>> > names, example: 33310ąąąąąą17.11.05ąąąą17UH.file
>> > The terminal display is (UTF8 mode):
>> >
>> > Any idea what todo?
>> > How can I read these "unencoded" file name?
>>
>> You are a couple possible solutions:
>>
>> 1) Use Unix/Linux tools to rename the files, changing the ą characters
>> to something else.
>
> The shell has similar problems as the things are not "displayed"
> correctly.
Display and the shell's ability to modify the bytes are orthogonal.
Look into the $'' expansion in Bash, it allows you to specify the exact
byte value present in the names. A PIA, yes, but possible.

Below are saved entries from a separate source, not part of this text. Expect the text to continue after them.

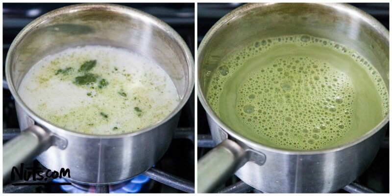 - Over medium-low heat, warm the almond milk in a saucepan. Bring to a boil. Turn the heat off and add the sugar, vanilla and matcha green tea powder. Whisk until the matcha powder dissolves completely.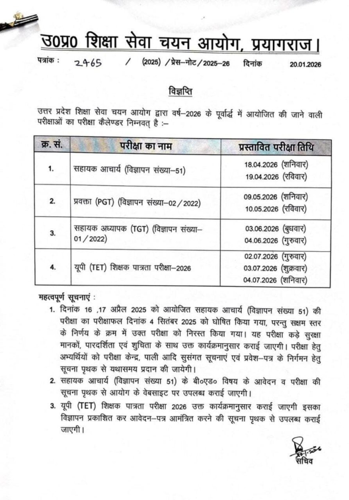 Assistant Professor (Advt. No. 51) की पहले आयोजित परीक्षा रद्द कर दी गई थी। अब यह परीक्षा नई परीक्षा शेड्यूल के अनुसार आयोजित की जाएगी।परीक्षा से संबंधित सिटी, एडमिट कार्ड और परीक्षा केंद्र की जानकारी अलग से आधिकारिक वेबसाइट पर जारी की जाएगीAssistant Professor के B.Ed विषय-वार (Subject-wise) विवरण, आवेदन और परीक्षा संबंधी जानकारी भी अलग से आधिकारिक वेबसाइट पर उपलब्ध होगी।UPTET 2026 का डिटेल्ड नोटिफिकेशन, ऑनलाइन आवेदन प्रक्रिया और परीक्षा से जुड़ी पूरी जानकारी बाद में जारी की जाएगी।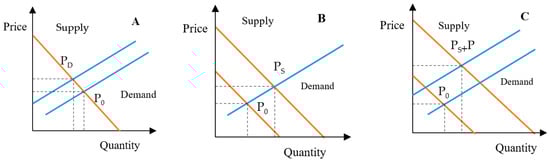 Bryan [] pointed out that, in microeconomics, the basic model of the supply and demand curve mirrors the functional relationship among three variables, namely, price, demand, and supply, from a mathematical perspective. The theoretical basis is that price is an independent variable that determines demand and supply and is positively correlated with supply but negatively correlated with demand. Equilibrium price is produced when supply and demand are balanced. The relationship between supply and demand can predict the quantities of supply and demand caused by price change. The price can also be affected by supply and demand (expressed as value in this study). According to the equilibrium price principle of supply and demand in economics, this paper analyzes the influence mechanism of the temporal change in the supply and demand of ESV on the supply and demand curve of ESV (simplified as a straight line in this paper). Generally, with social and economic development, the regional demand for ES will increase (Figure 3A), while the supply of ES will decrease (Figure 3B). The above two occur simultaneously (Figure 3C), resulting in an increase in the scarcity (value) of ES. Scholars [] once pointed out that, with the passage of time, the natural environment would become an irreplaceable value-added asset, indicating that the supply and demand of ES will change over time, thus affecting the value of ES and changing the importance (scarcity) of ES.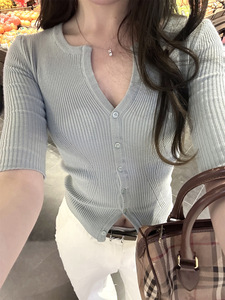 蝶宝嘻 fit check 显身型春夏打底衫针织衫中袖tee显瘦T恤女上衣
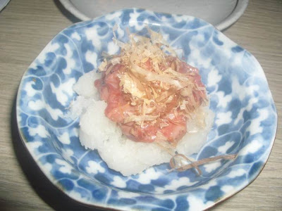 Marinated fish guts, taste quite salty, not repulsive as it may sound, it is ok. The whitish stuff underneath is daikon.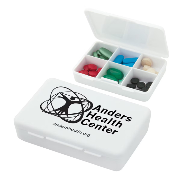 Customized 6 Compartment Pillboxes are designed to help users manage their medications with ease and accuracy. Featuring six clearly divided sections, this pillbox makes it simple to organize daily doses and quickly find the right pill at the right time. Its durable construction keeps medications secure and protected, giving users peace of mind whether at home or on the go. Compact and practical, it fits easily into bags, drawers, or countertops. Ideal for pharmacies, clinics, hospitals, and wellness programs, this pillbox offers everyday usefulness while keeping your brand visible through regular, repeated use.Looking for more? Explore our collection of pill boxes right away.Get free design, free online proofs and fastest turnaround offers.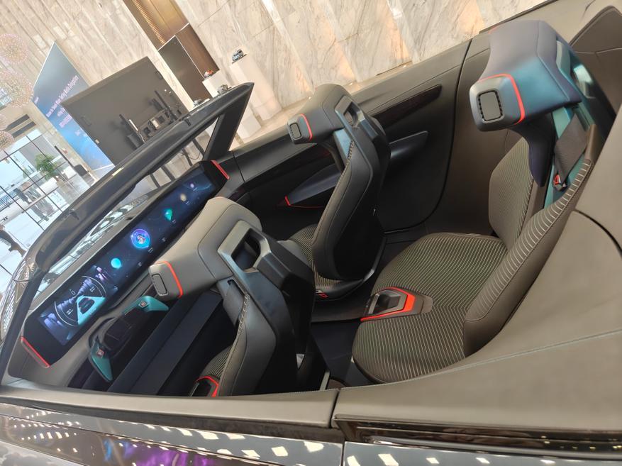 В холле на подиуме представлена модель будущего — 3 пассажирских кресла, вместо руля джостик.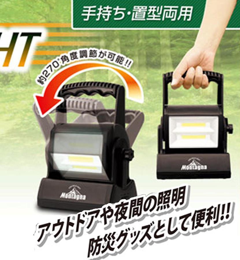 アウトドアや夜間の照明、防災グッズとして便利! ◎超高輝度COBライト仕様 ◎連続点灯時間約36時間 ◎明るさ2段階 HIGH(200lm)/LOW(100lm) ◎約270°角度料説が可能約W16×D10×H22cm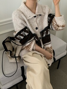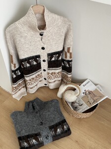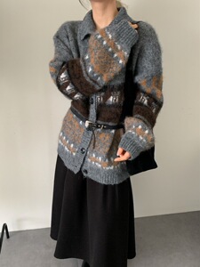 秋冬新款提花针织休闲开衫女宽松高领毛衣外套复古撞色长袖上衣
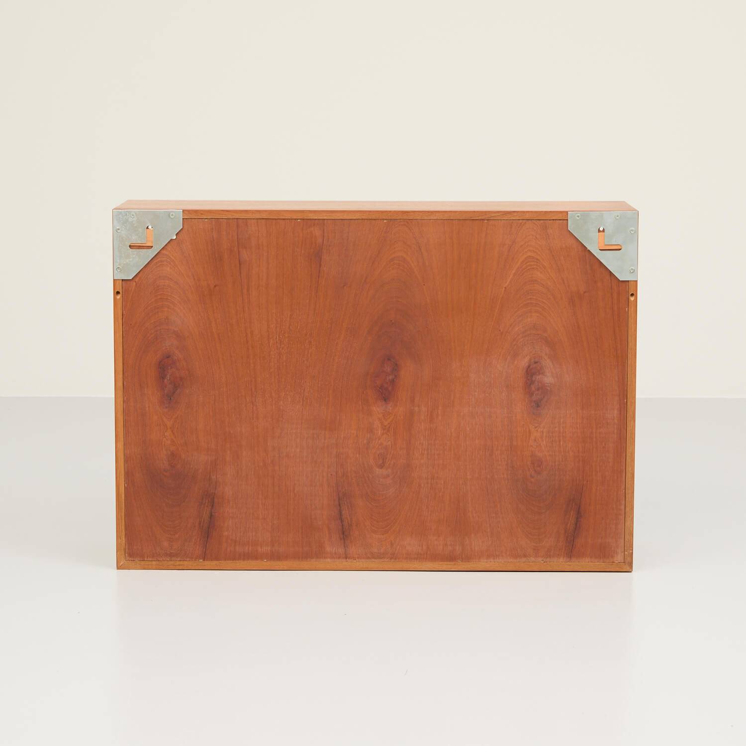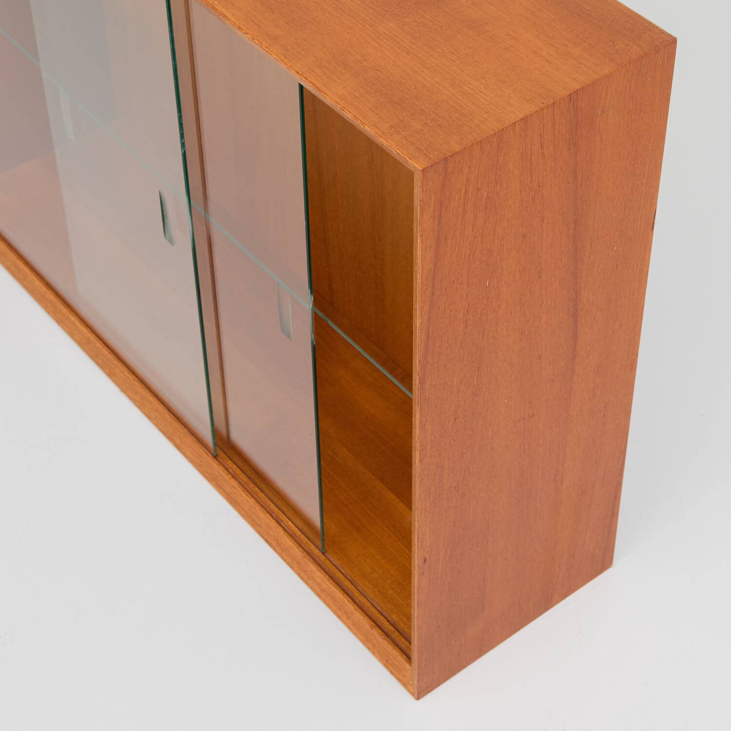 Kleine Wandvitrine aus furniertem Holzwerkstoff mit Glasschiebetüren. Ein Tablar. Mit Wandaufhängung auf der Rückseite. Guter Zustand.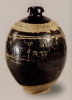說 明: 胎呈灰白色,施黑釉不到底,器型渾圓。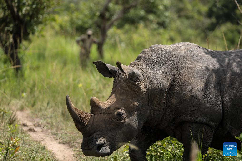 This photo taken on Sept. 22, 2025 shows a rhino at the Ziwa Rhino Sanctuary in Nakasongola, Uganda. Uganda on Monday held a special ceremony where 17 rhino calves were named at the Ziwa Rhino Sanctuary in the central district of Nakasongola as part of efforts to revive a species once extinct in the country. The naming ceremony, which coincided with World Rhino Day, allows individuals, corporations, and philanthropists to symbolically "adopt" and name a rhino, with the proceeds supporting habitat expansion, veterinary care, and conservation efforts. (Photo by Hajarah Nalwadda/Xinhua)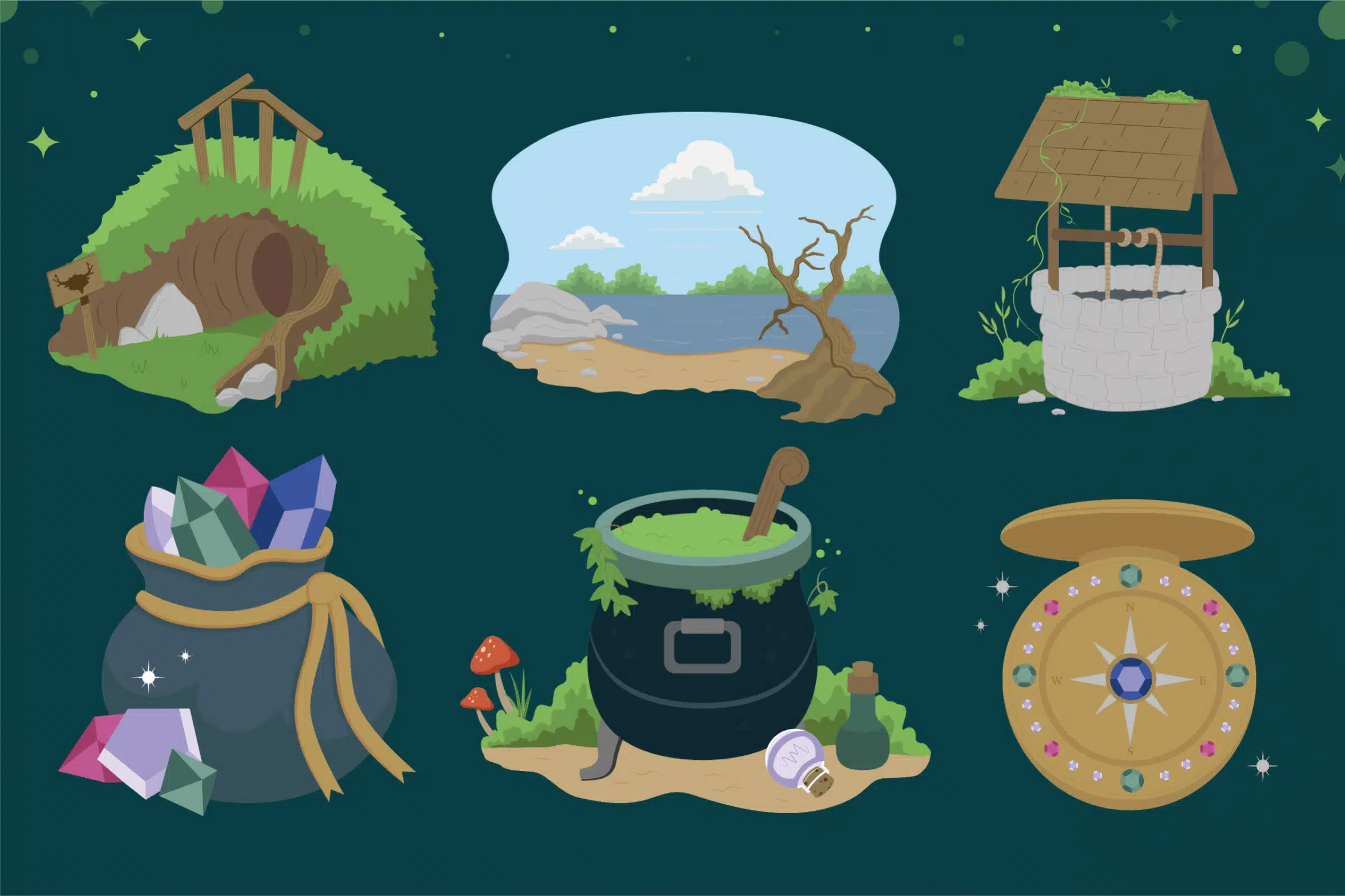 In addition to the forest inhabitants, we created illustrations for each of the core activities at Wyvernwood. Our job was to bridge the gap between the fantastical world outlined in the book and the physical structures in place at the park.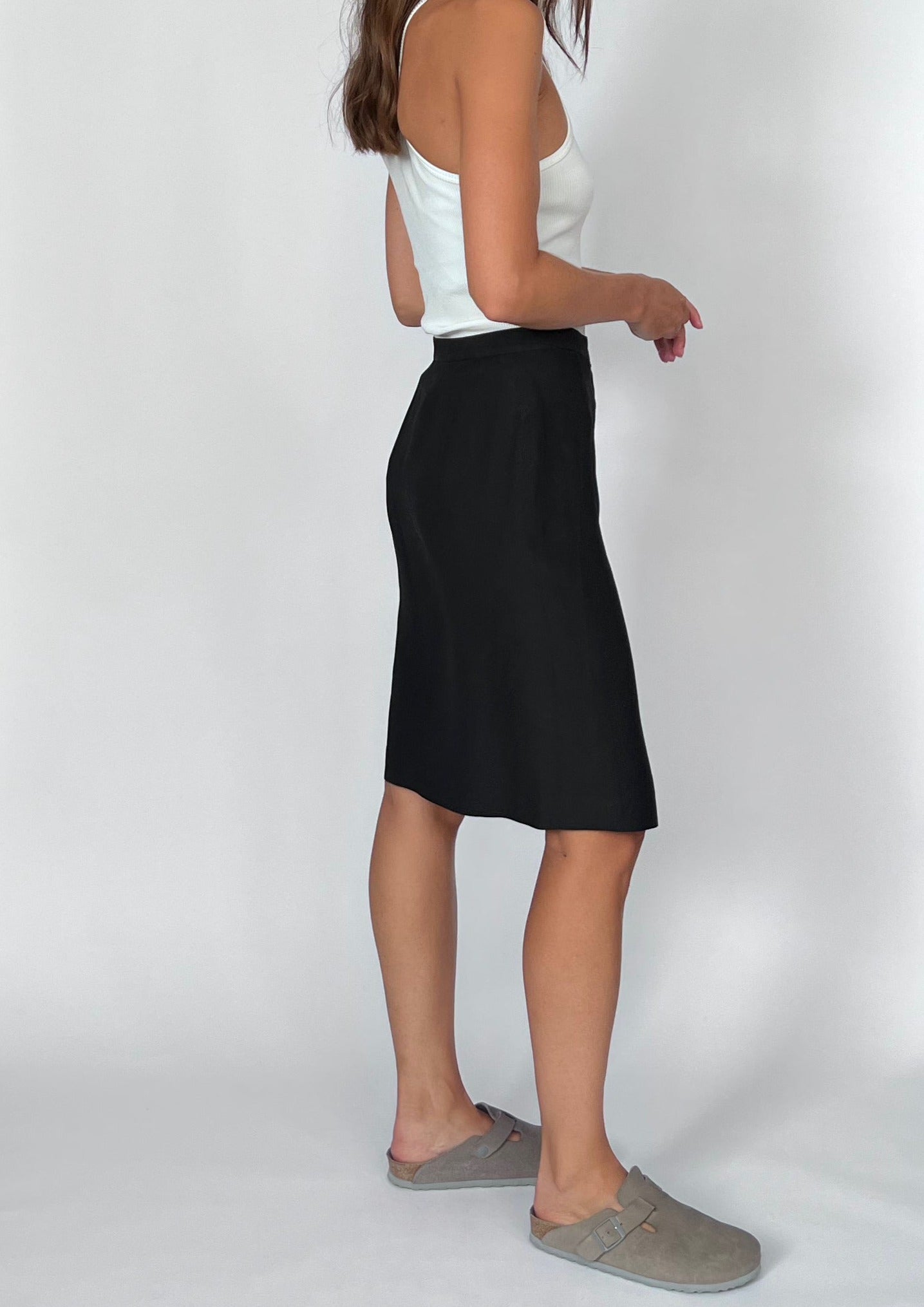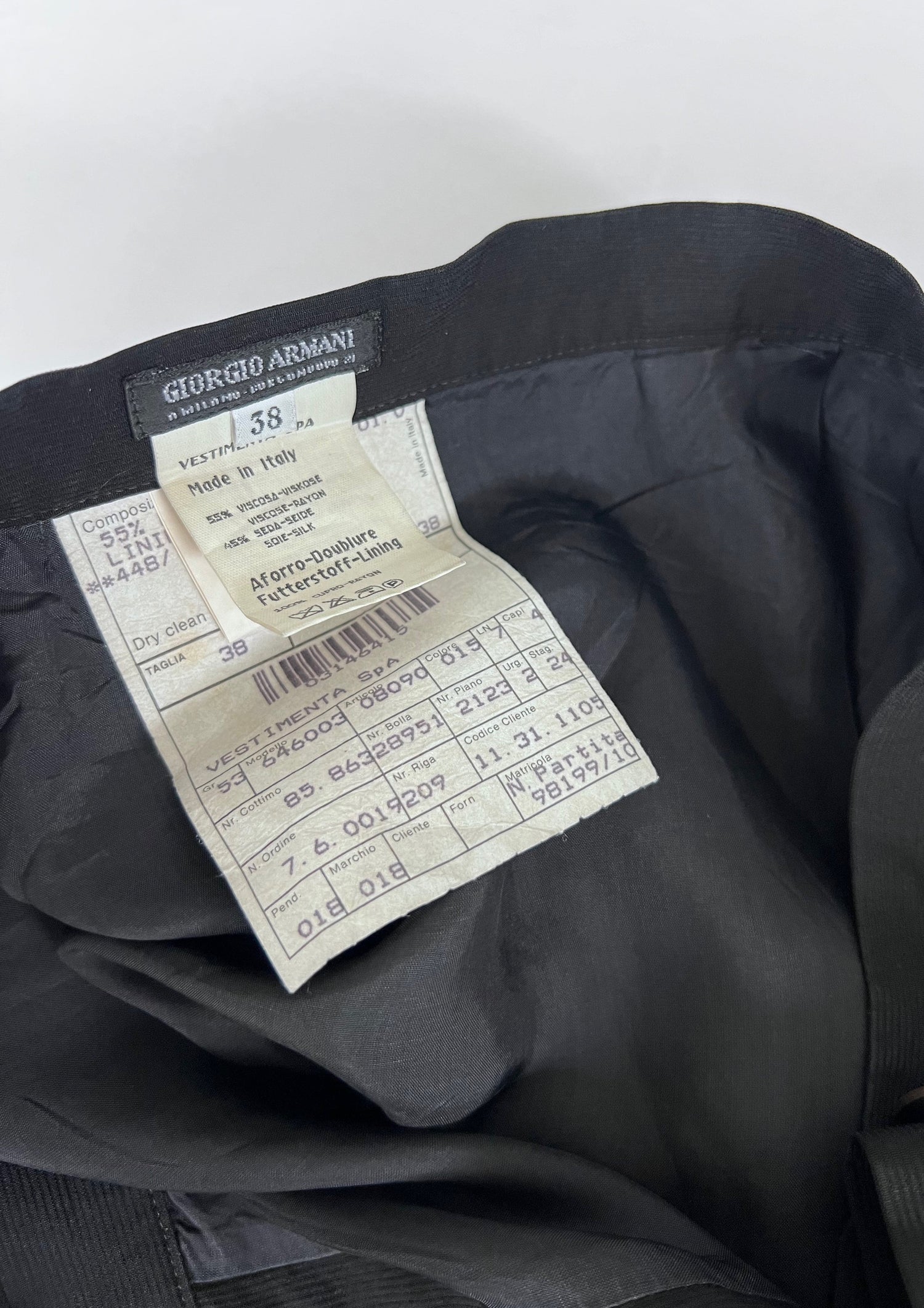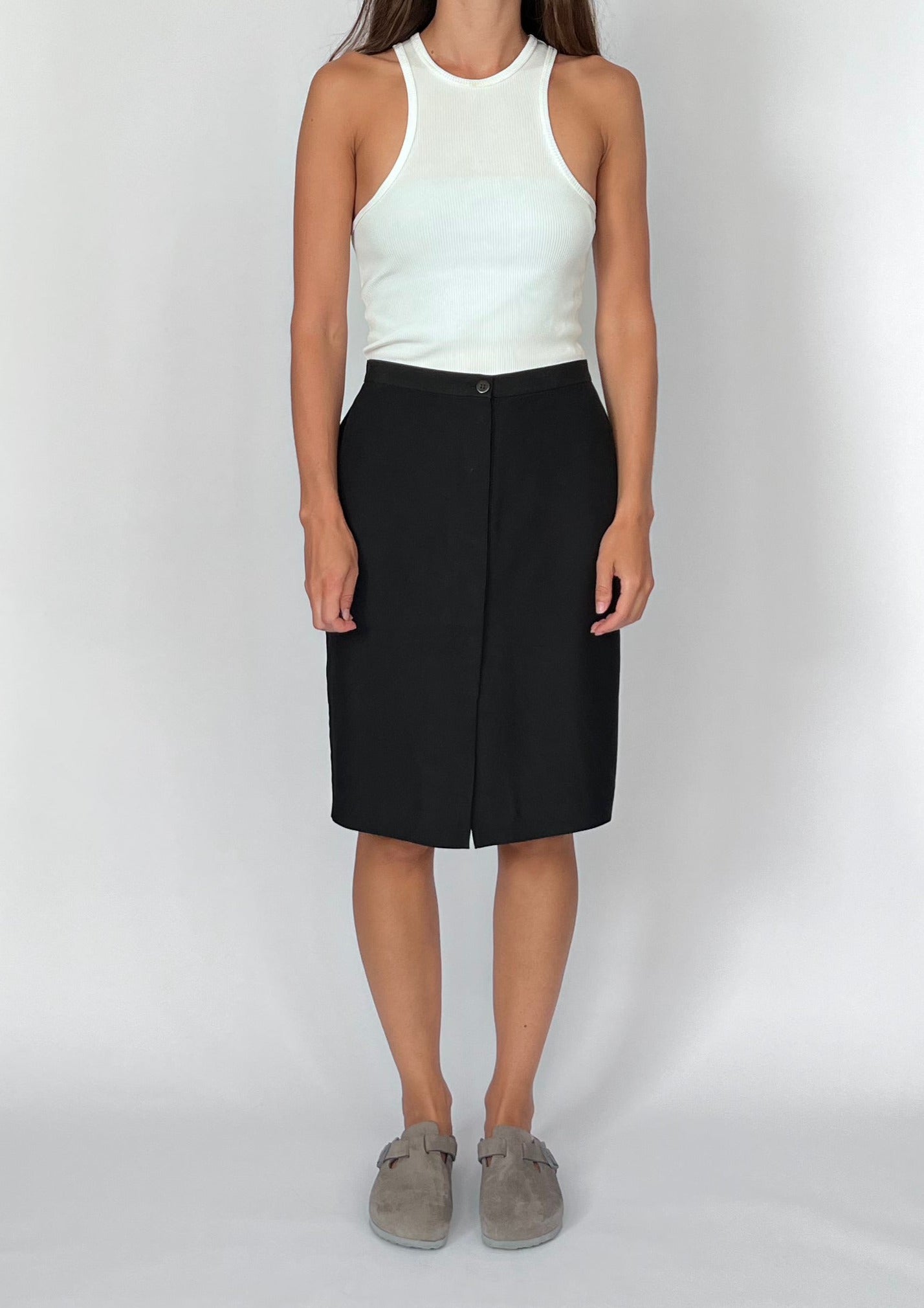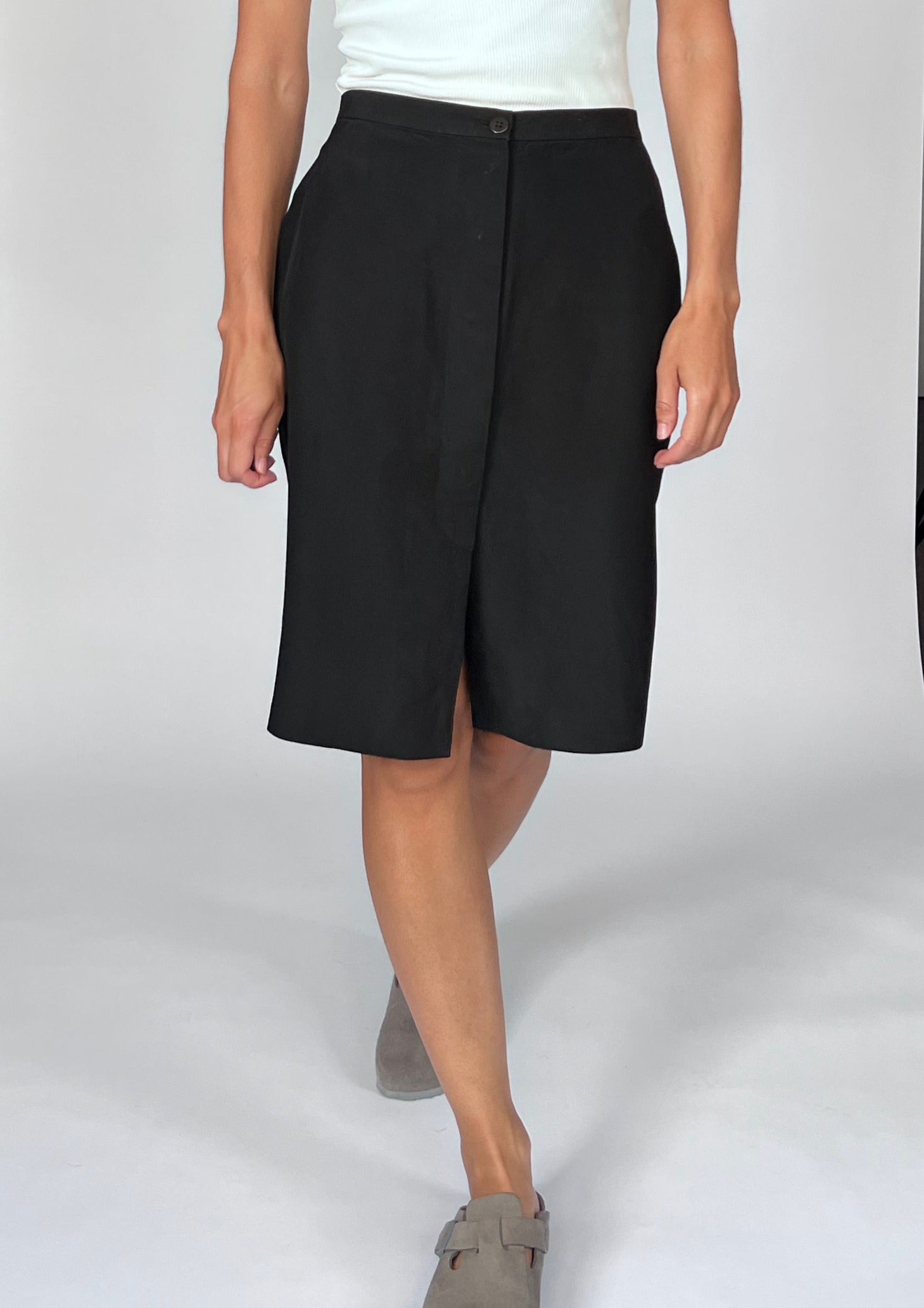 90s Giorgio Armani awkward length silk skirt. Features a button down fastening with a split at the front and a very subtle, tonal stripe design. Fully Lined

>> 2) Given that these characters are invalid UTF-8, but valid
>> iso8859-1, you might try changing Tcl's system encoding to
>> iso8859-1 before you try to read the names, on my Linux system
>> with iso8859-1 encoding I can create and read this character just
>> fine:
>>
>> $ rlwrap tclsh
>> % encoding system
>> iso8859-1
>> % set name "a\xb1c"
>> aąc
>
> This worked also on my system with the identical output without
> changing the encoding, BUT as I have a system encoding utf-8 a file
> name with the following byte sequence was created.
>
> $ ls a*c | od -h
> 0000000 c261 63b1 000a
> 0000005
>
> You see it is: "a" 0xc2b1 "c" "\n" - 0xc2b2 is the utf-8 code for the
> plus/minus char.
Yes, the plus/minus in iso8859-1 is not the same byte sequence as the
plus/minus character in UTF-8. As well, a standalone 0xb1 is not a
valid UTF-8 byte sequence, which is why it gets messed up when Tcl's in
UTF-8 mode for the system encoding.
>> You can get the current system encoding with [encoding system] (as I
>> show above). You can tell Tcl to use a different system encoding
>> with "encoding system ?encoding?" as per the man page. So:
>>
>> encoding system iso8859-1
>
> Yeeeaaah! That did :-) :-)
>
>> before you trying globbing these names might work wonders.
>
> Globbing is the only way to read the file name into a tcl variable
Well, no, not the 'only' way. This also works:
set name [exec find a*c]
and this:
set fd [open |find a*c]
set name [gets $fd]
close $fd
But glob is the best integrated into Tcl... :)
> use it for my tests) but the "wrong" byte sequence was created, using
> the 0xc2b1 characters and with this name it can't be addressed.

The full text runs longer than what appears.